Activity - In the listing below, the lines starting at the line with "2023年2月22日,第17" and ending at the line with "梁洛施父亲出身于澳门的名门望" are to be output verbatim. Images stay out of the copy.

Listed records -
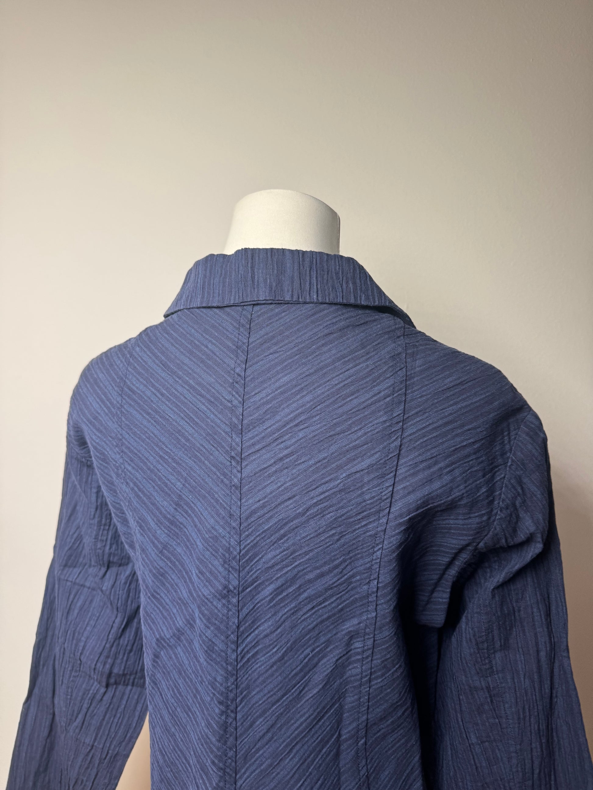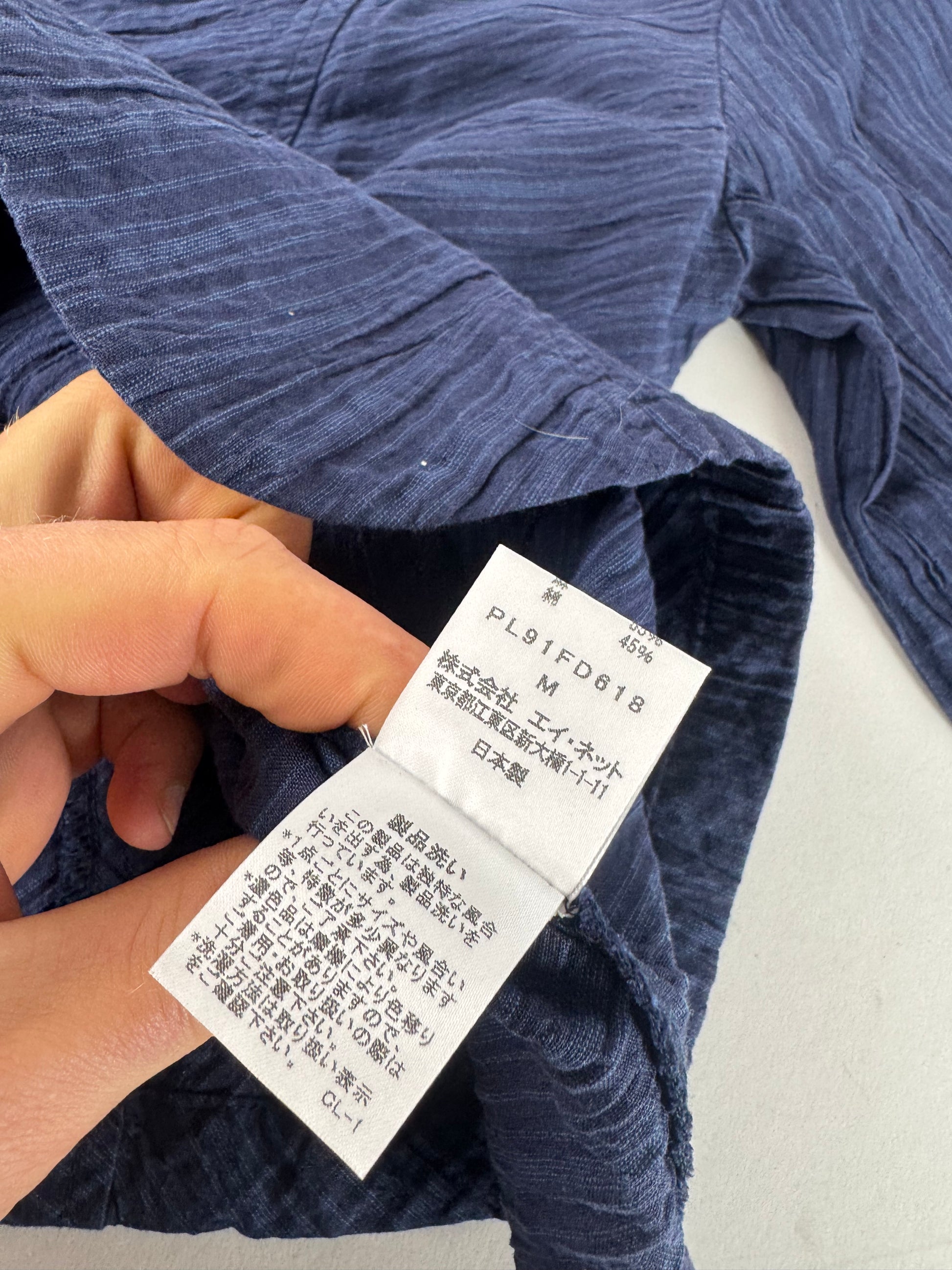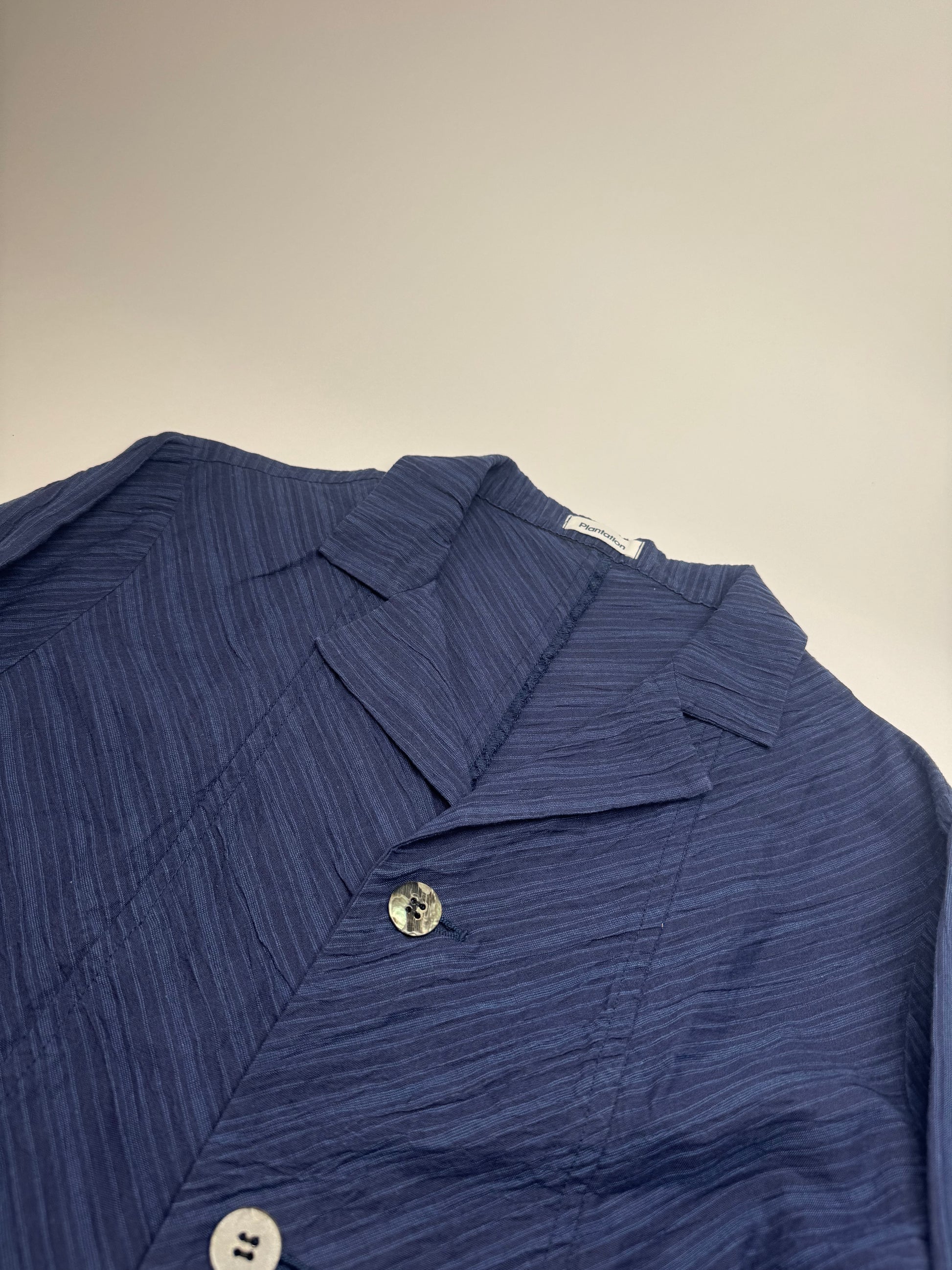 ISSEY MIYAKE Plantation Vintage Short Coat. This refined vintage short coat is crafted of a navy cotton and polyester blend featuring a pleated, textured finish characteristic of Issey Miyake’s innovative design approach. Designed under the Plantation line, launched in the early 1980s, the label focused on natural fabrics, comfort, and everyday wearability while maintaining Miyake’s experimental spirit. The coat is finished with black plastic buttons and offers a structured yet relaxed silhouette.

...

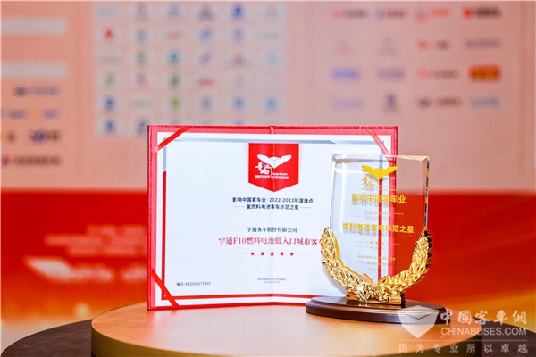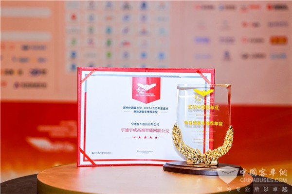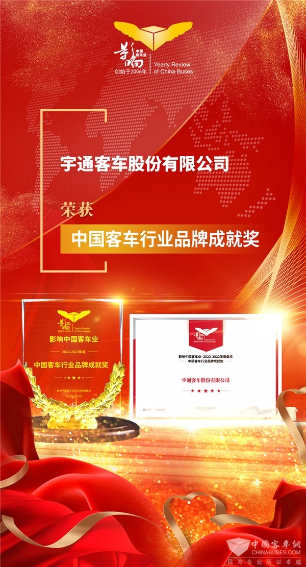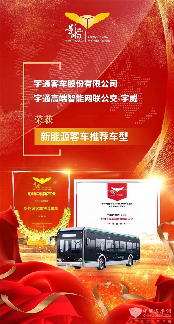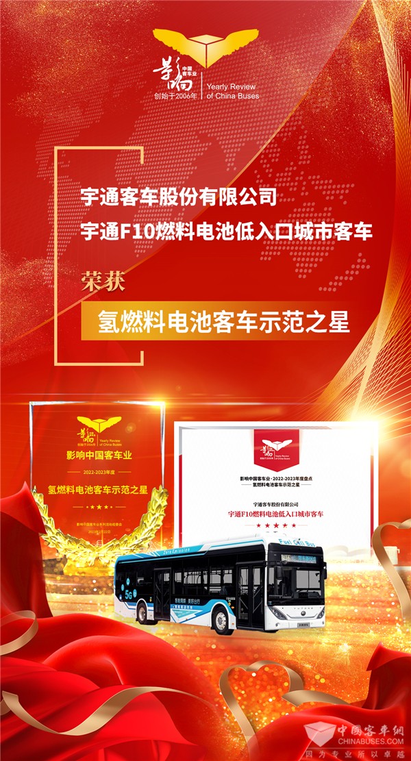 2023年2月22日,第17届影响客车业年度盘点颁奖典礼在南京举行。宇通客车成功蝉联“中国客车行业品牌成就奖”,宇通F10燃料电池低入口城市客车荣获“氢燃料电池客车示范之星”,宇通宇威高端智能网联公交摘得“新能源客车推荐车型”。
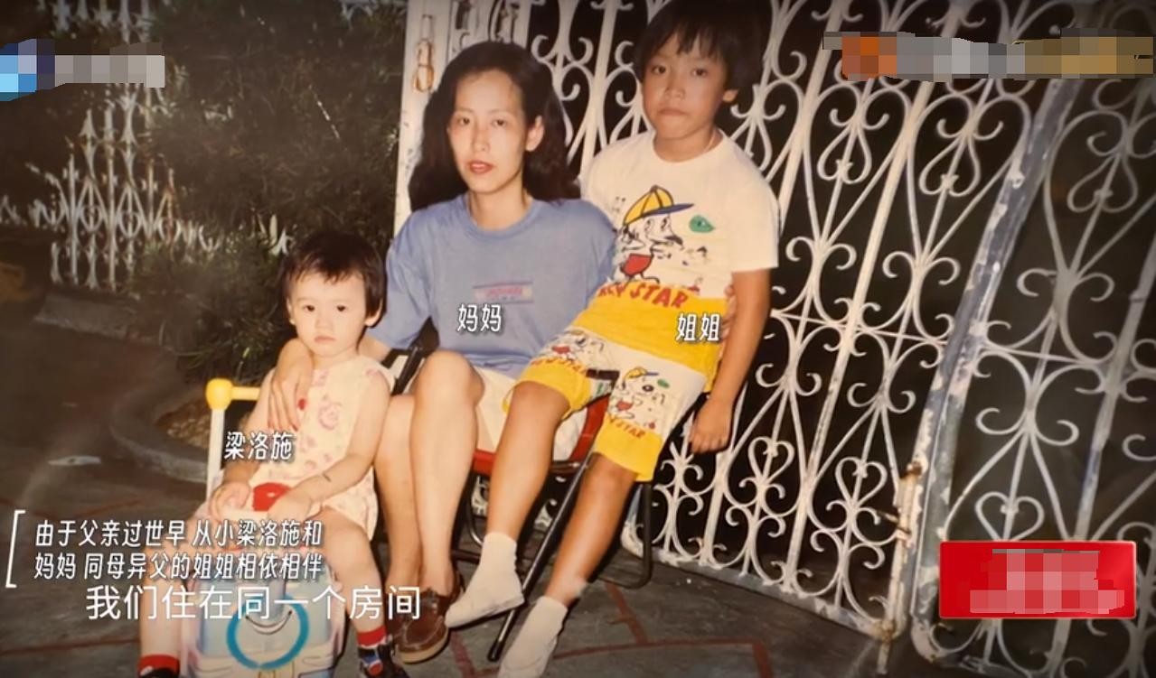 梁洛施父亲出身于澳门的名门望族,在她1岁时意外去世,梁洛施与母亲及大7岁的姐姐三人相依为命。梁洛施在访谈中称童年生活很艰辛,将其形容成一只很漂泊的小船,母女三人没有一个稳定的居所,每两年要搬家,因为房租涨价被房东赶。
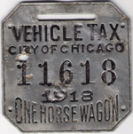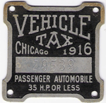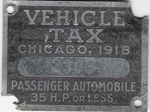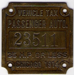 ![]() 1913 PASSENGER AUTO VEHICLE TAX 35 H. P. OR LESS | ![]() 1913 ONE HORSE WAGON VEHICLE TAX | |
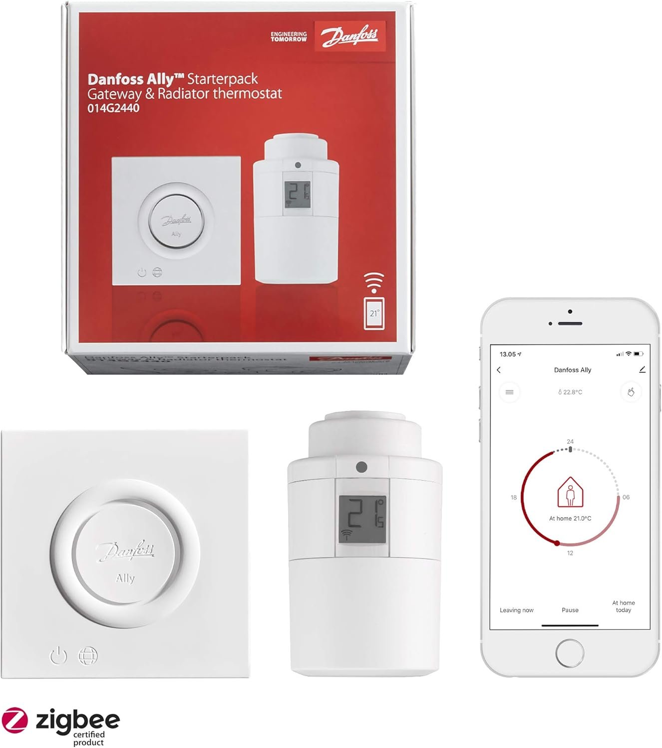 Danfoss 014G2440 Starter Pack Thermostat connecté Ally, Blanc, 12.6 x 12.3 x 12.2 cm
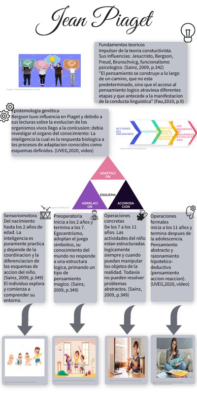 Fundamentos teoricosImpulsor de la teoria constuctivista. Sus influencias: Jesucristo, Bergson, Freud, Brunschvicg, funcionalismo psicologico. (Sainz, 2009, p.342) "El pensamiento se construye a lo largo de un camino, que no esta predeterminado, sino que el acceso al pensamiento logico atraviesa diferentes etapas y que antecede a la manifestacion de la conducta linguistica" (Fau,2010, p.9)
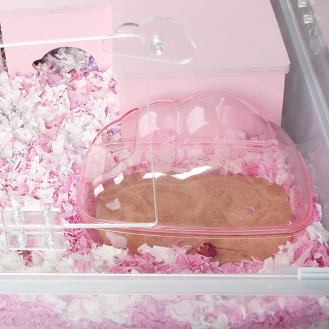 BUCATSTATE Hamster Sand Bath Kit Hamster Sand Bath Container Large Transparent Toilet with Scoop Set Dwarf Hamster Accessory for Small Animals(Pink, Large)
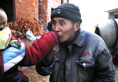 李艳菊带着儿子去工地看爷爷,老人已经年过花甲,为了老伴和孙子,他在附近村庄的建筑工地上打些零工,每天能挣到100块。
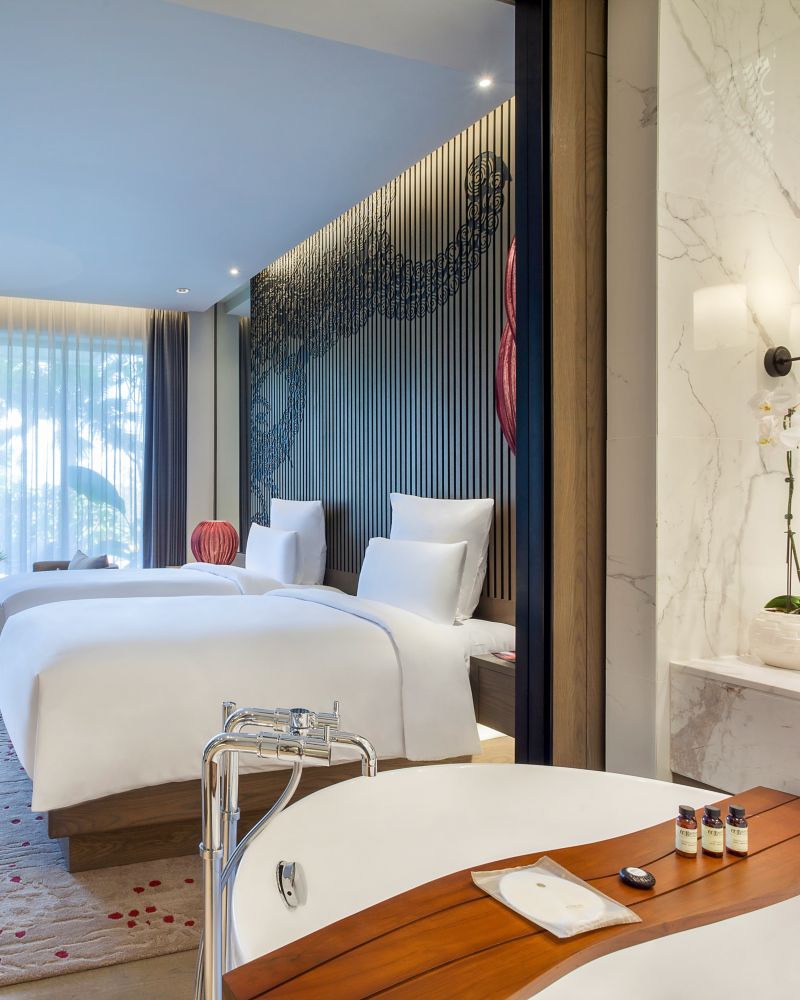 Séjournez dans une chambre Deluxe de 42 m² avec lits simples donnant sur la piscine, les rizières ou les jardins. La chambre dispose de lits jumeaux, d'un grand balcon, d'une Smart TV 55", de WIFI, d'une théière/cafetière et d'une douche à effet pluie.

---

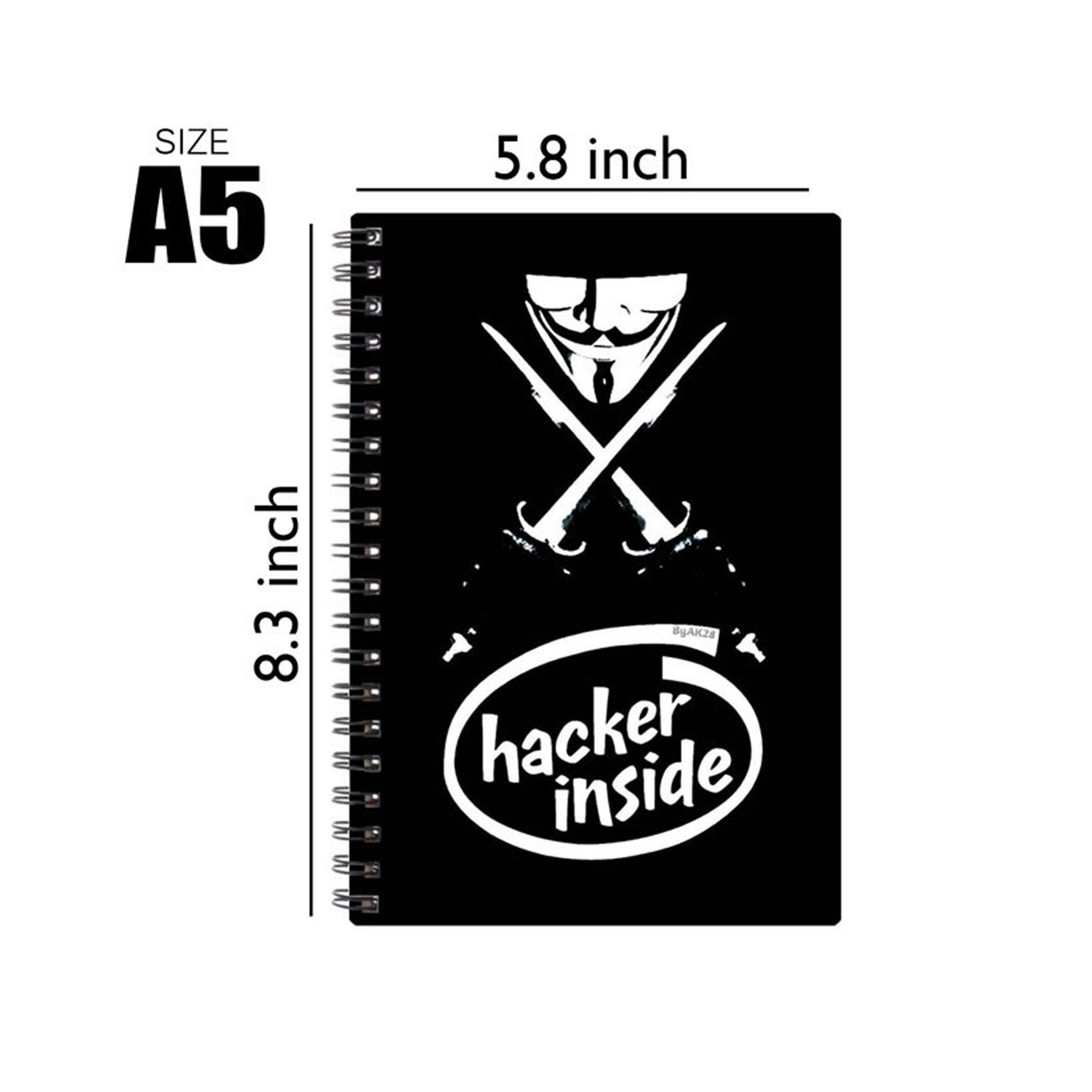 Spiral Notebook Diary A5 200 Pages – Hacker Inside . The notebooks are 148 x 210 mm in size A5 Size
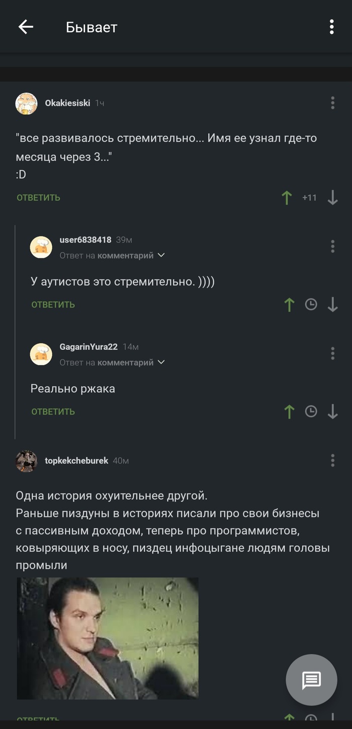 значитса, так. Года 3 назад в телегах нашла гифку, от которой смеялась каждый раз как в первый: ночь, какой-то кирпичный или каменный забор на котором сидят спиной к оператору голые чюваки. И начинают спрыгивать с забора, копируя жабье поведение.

Reply to the exercise -
 2023年2月22日,第17届影响客车业年度盘点颁奖典礼在南京举行。宇通客车成功蝉联“中国客车行业品牌成就奖”,宇通F10燃料电池低入口城市客车荣获“氢燃料电池客车示范之星”,宇通宇威高端智能网联公交摘得“新能源客车推荐车型”。
 梁洛施父亲出身于澳门的名门望族,在她1岁时意外去世,梁洛施与母亲及大7岁的姐姐三人相依为命。梁洛施在访谈中称童年生活很艰辛,将其形容成一只很漂泊的小船,母女三人没有一个稳定的居所,每两年要搬家,因为房租涨价被房东赶。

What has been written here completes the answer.